**WHAT TO DO**
Could you please repeat the entries below word for word, with the images left out?

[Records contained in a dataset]

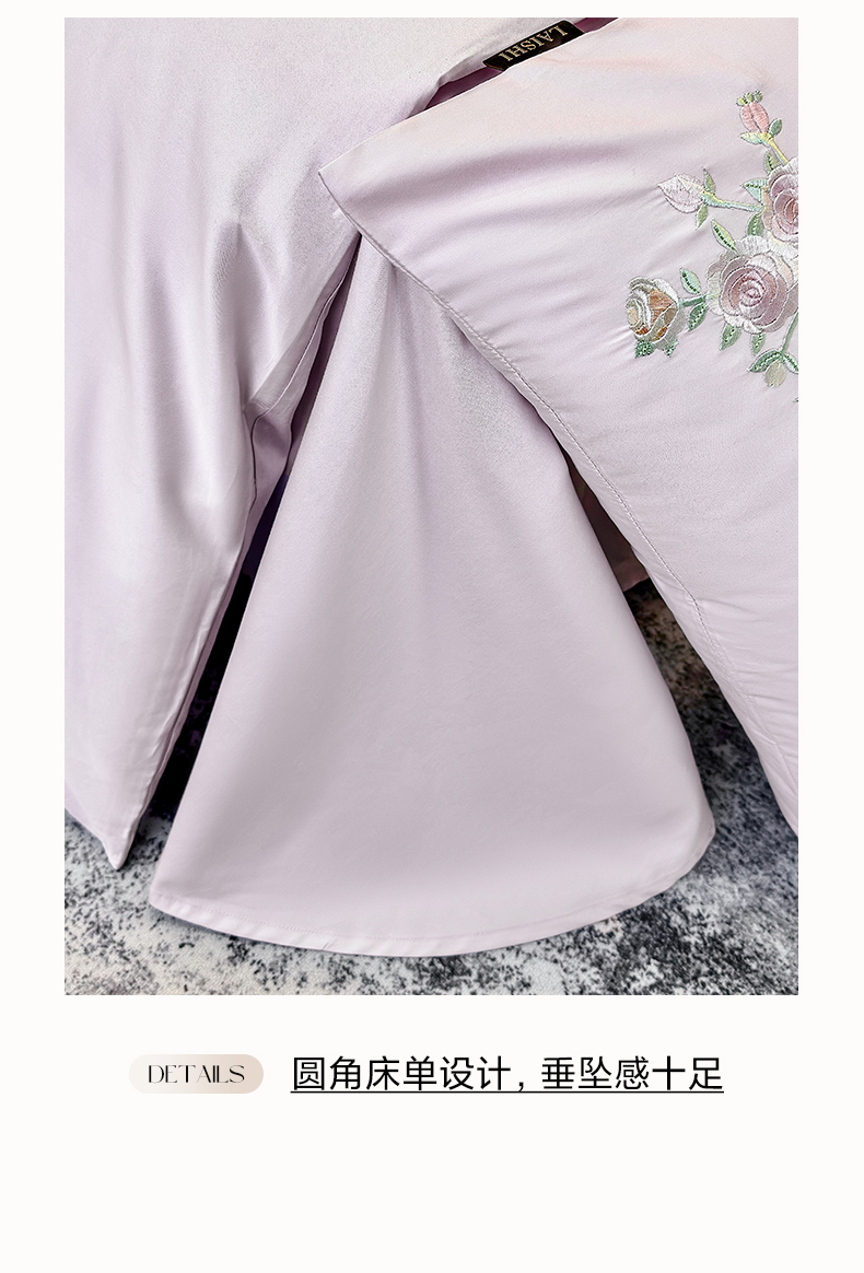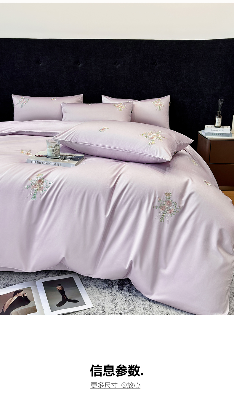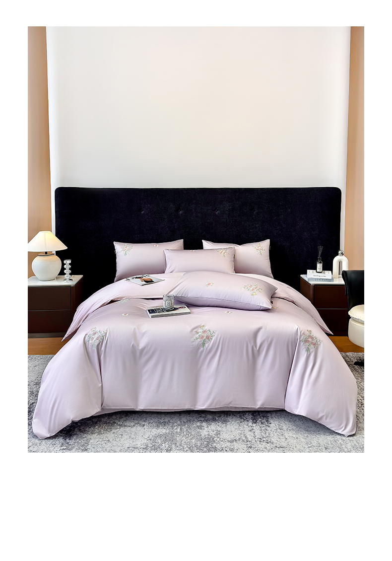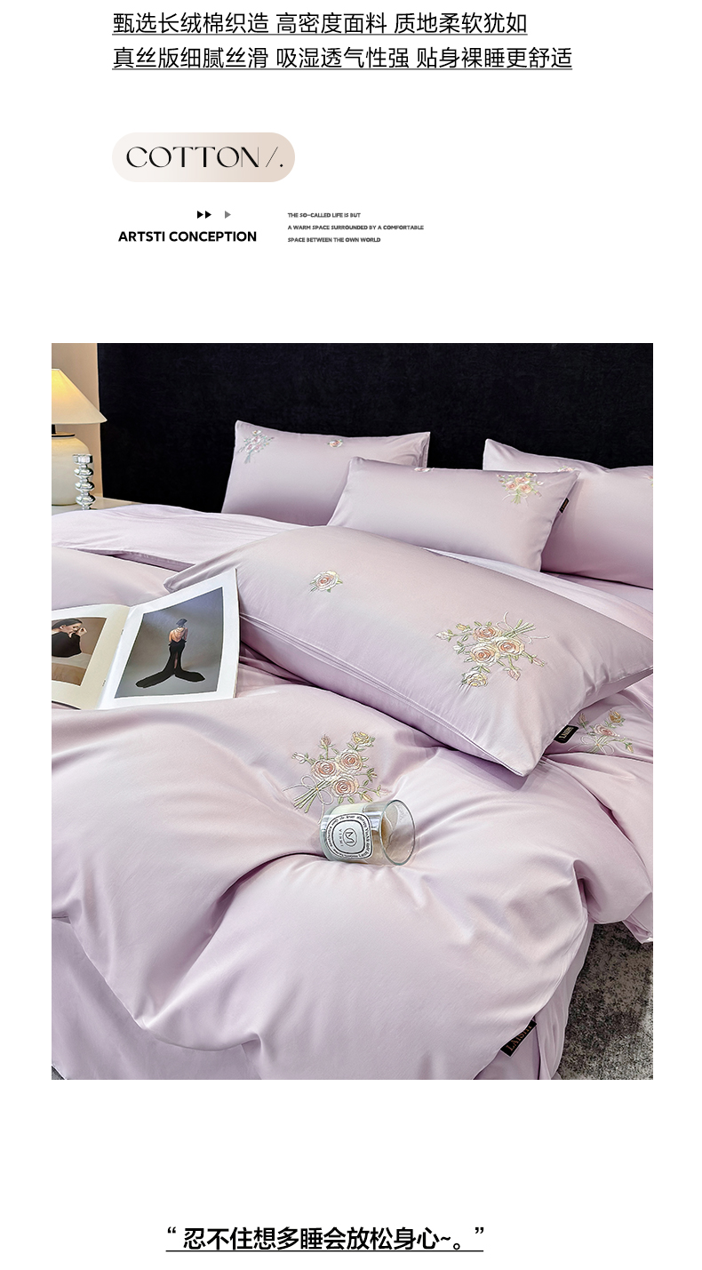 欣宜家纺 2026新款50s纯棉全棉贡缎长绒棉刺绣绣花床上四件套【含高端礼盒】-花影系列 花影-香芋紫
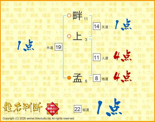 生活面を象徴する運勢です。外部から受ける影響力を表し、結婚運、家庭運や職場、環境への順応性を表します。総運から人運を引いた画数。姓や名が1文字の場合を除く。
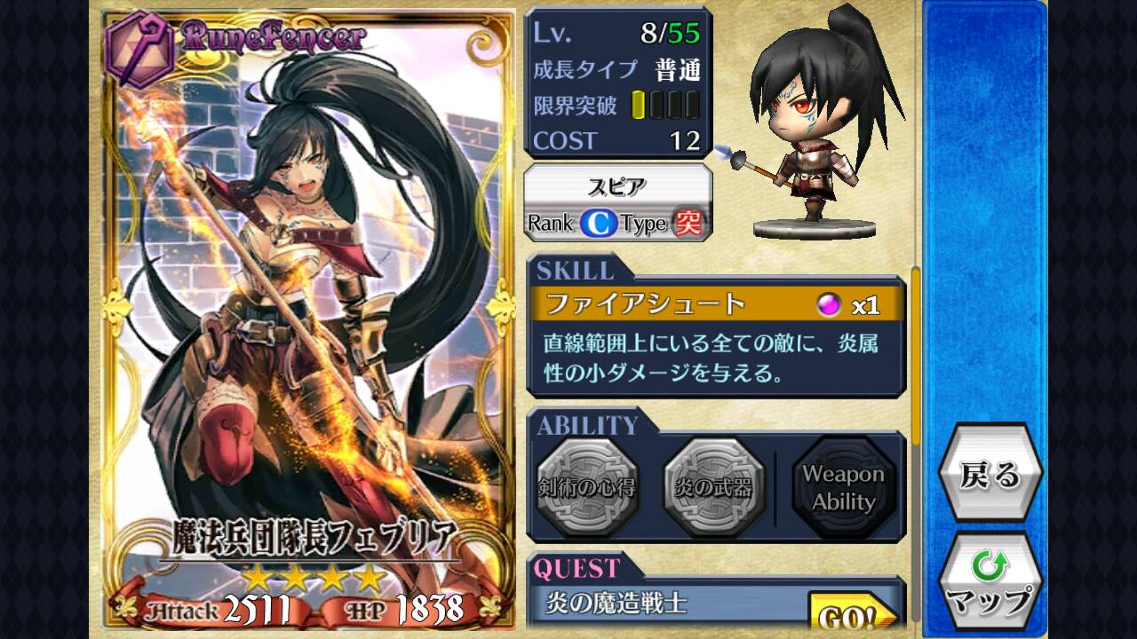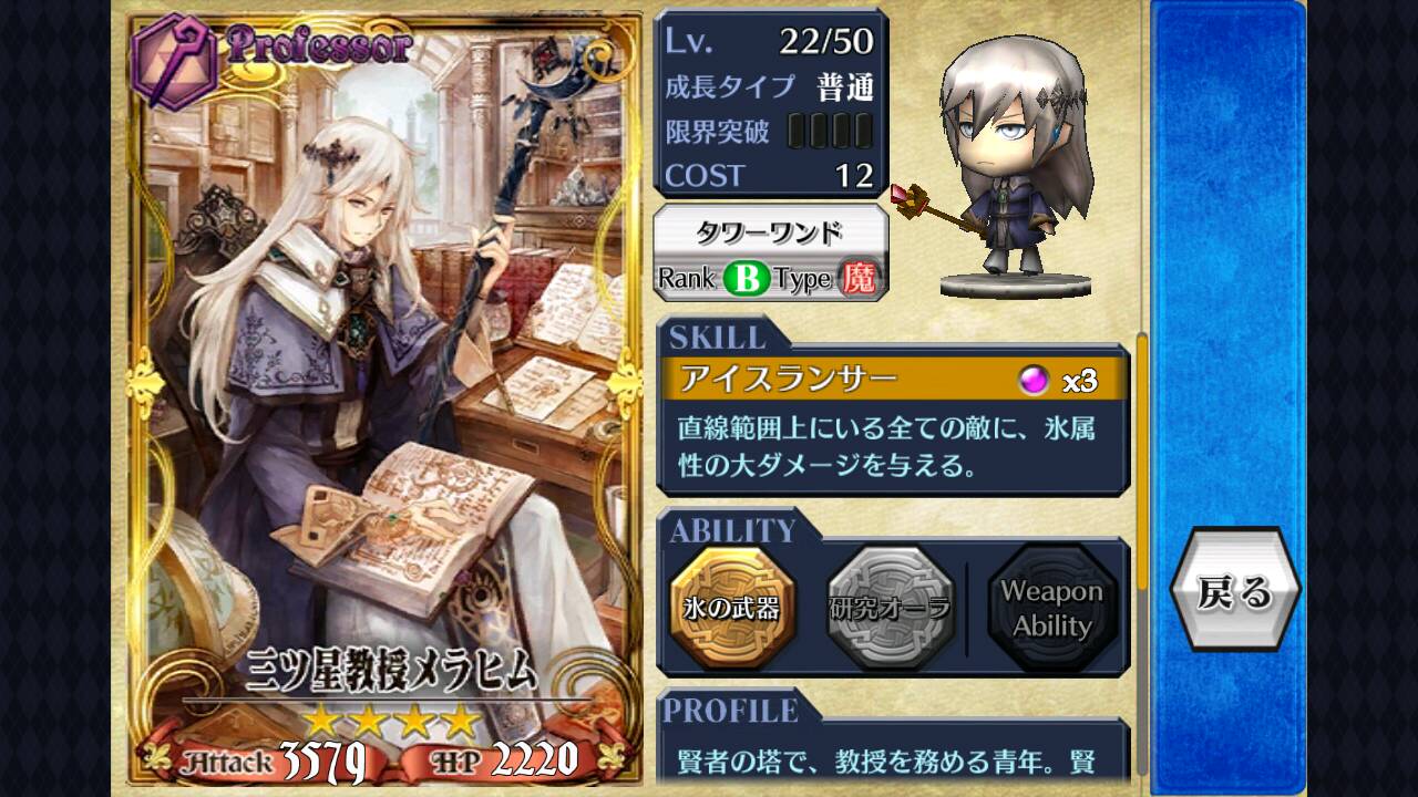 氷属性魔法师的一员,可以说是魔法兵団队长フェブリア的氷属性版本,但アイスランサー须要3MANA,消费比3位SSR还要高,而且是直线範围攻击,效果一般。而另一技能,研究オーラ,对魔法师而言实用性不大,毕竟很多时只有前线队员才有机会中毒。而暗闇状态,只要稍为注意或有前锋紧贴敌人白兵应该不是问题吧?
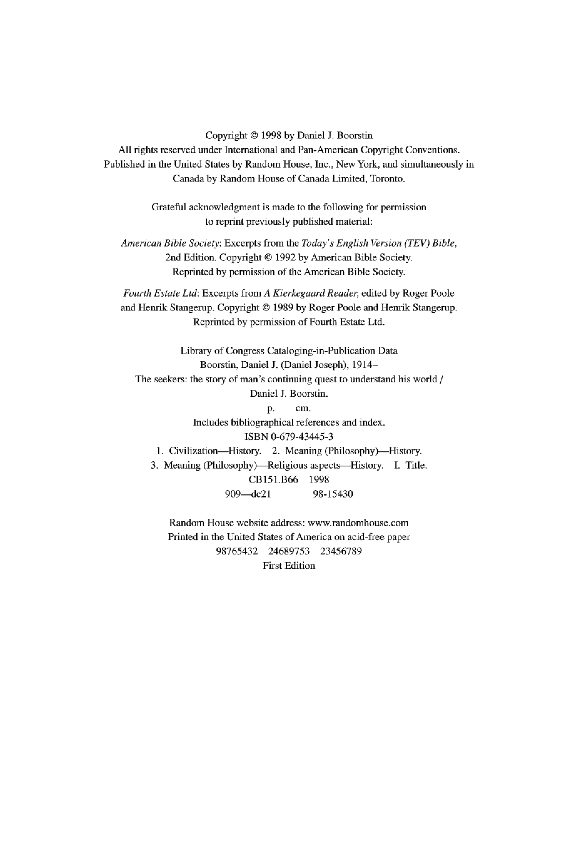 "The Seekers: The Story of Man's Continuing Quest to Understand His World " - читать интересную книгу автора (Daniel J. Boorstin) |
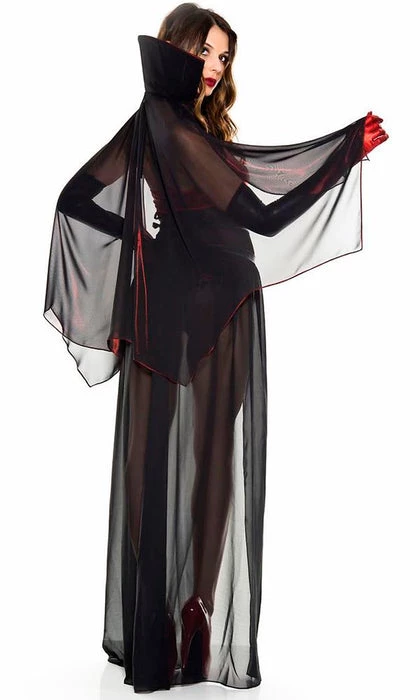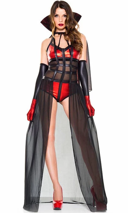 Stalk your prey in this Bloody Vixen Vampire costume featuring a metallic red romper with a V-neckline, halter straps, a sheer mesh bodice with cage detailing, an attached sheer train, a short sheer cape with a red trim, a high stay up collar, a front tie closure, and watching black and red gloves. Perfect for a spooky evening!

**EXERCISE RESULT**
 欣宜家纺 2026新款50s纯棉全棉贡缎长绒棉刺绣绣花床上四件套【含高端礼盒】-花影系列 花影-香芋紫
 生活面を象徴する運勢です。外部から受ける影響力を表し、結婚運、家庭運や職場、環境への順応性を表します。総運から人運を引いた画数。姓や名が1文字の場合を除く。
 氷属性魔法师的一员,可以说是魔法兵団队长フェブリア的氷属性版本,但アイスランサー须要3MANA,消费比3位SSR还要高,而且是直线範围攻击,效果一般。而另一技能,研究オーラ,对魔法师而言实用性不大,毕竟很多时只有前线队员才有机会中毒。而暗闇状态,只要稍为注意或有前锋紧贴敌人白兵应该不是问题吧?
 "The Seekers: The Story of Man's Continuing Quest to Understand His World " - читать интересную книгу автора (Daniel J. Boorstin) |
 Stalk your prey in this Bloody Vixen Vampire costume featuring a metallic red romper with a V-neckline, halter straps, a sheer mesh bodice with cage detailing, an attached sheer train, a short sheer cape with a red trim, a high stay up collar, a front tie closure, and watching black and red gloves. Perfect for a spooky evening!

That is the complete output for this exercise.